Quite the nicest present I've had this Christmas was a cup of tea in bed that my eldest made for me. I can't remember the last time someone bought me a cup of tea in bed, such a simple but lovely treat, full of heart. Tomorrow will be New Years Eve and in 2024 a whole chunk of my past life will have gone, many of the people in it, and the home where I nurtured my family since my husband to be and I, moved there in 2001 shortly before our marriage. The home where I saw my girls grow and flourish, entertained friends and ... so much of all that life, the memories, the love, the laughter have all withered away. My husband has decided that the woman he met on the internet and whom has been calling him, her 'boyfriend' since Christmas Eve 2022, is the one he wants to move forward with because he understood we were over. And beside she's sweet and I'm terrifying (apparently). People are complicated aren't they? There are only victims and survivors when a marriage collapses. Whilst I am grateful that the holding pattern of 2023 is now over, I grieve all those memories, all those wasted years, as I realise what an utter failure I have been. I can't pin point the wrong turn, was it getting married in the first place? Did I miss something? But as this year, this life and this marriage steam-rollers to a close, and I face the spite, and those taking pleasure in my pain, I can't see a fixed point where I failed to do what mothers do 'keep it all together'. Perhaps there were too many. It's really hard to love yourself, without tangible proof that you are loveable.
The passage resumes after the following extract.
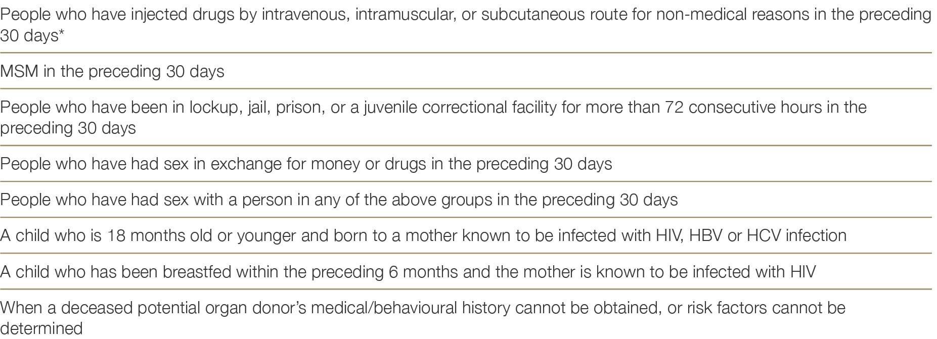 2.3.1 Donors at increased risk of HIV, HBV and HCV

I'm just embarking on a book by Philippa Perry entitled THE BOOK YOU WANT EVERYONE YOU LOVE* TO READ *(and maybe a few you don’t). In it Philippa, a psychotherapist (artist and agony aunt), identifies areas where people most need guidance and tools to help them through life. The first chapter is entitled 'How We Love" and why we crave connection... I seem to be losing all mine, unable to find people outside of my working life who make me feel good, and whom have the time to spend it with me. Perry says "Everyone needs to feel that they belong, maybe to a family, a project, a community, or to another person. We are creatures of connection and we deny this at our peril". Then there's 'How We Change" navigating the New for Better or Worse. I'm probably going to have to read this a fair few times and make good notes-to-self. In recent years I've lost a raft of constants and floated on a lake of uncertaintanties. My girls have grown up and are busy forming their own lives, both my parents have gone, my marriage has inexorably failed, my finances are unstable, my future - a sea-mist. That's a lot to deal with in order to manage the final chapter 'Contentment'. I strive for that, a 'metaphorical' cup of tea in bed, a contentment in life, it's a low ambition to match my low self-esteem but it's something at least.
It's pretty late in my life to be negotiating such a big and unnatural ending, and if I'm honest I can't find the heart or the enthusiasm to think about beginnings. I'm still processing that one of the biggest life-changing commitments I have ever made has crashed and burned, and how destructive that has been. I've made mistakes before, I've endured life events that took strength to pick myself up from but this one has somehow eaten away at me from the inside and if there's a spark of light left in me to rekindle my spirit, I can't find it. I shall have to be content with that emptiness, continue to read books that may or may not have the answer and remain calm in front of the coming storm. 2025 will be here soon enough, and if I'm there with it having survived, I can only hope that there's the promise of a cup of tea in bed and perhaps a home, cosy, welcoming, with a view from the windows, someone to take my hand, hug my shoulders and walk across a sandy bay, leaving footprints behind as sea birds wheel overhead and waves run in and out with happy excitement. (I write that with some irony, that line of 'faux positivity' becomes not just nauseating but also exhausting). A wise soul recently shared some wisdom on dealing with overwhelm, 'just nibble at the edges' they said. Sound advice, I shall nibble at the edges like a biscuit and hope I get to dunk it someday in a cup of tea that has been bought to me in bed.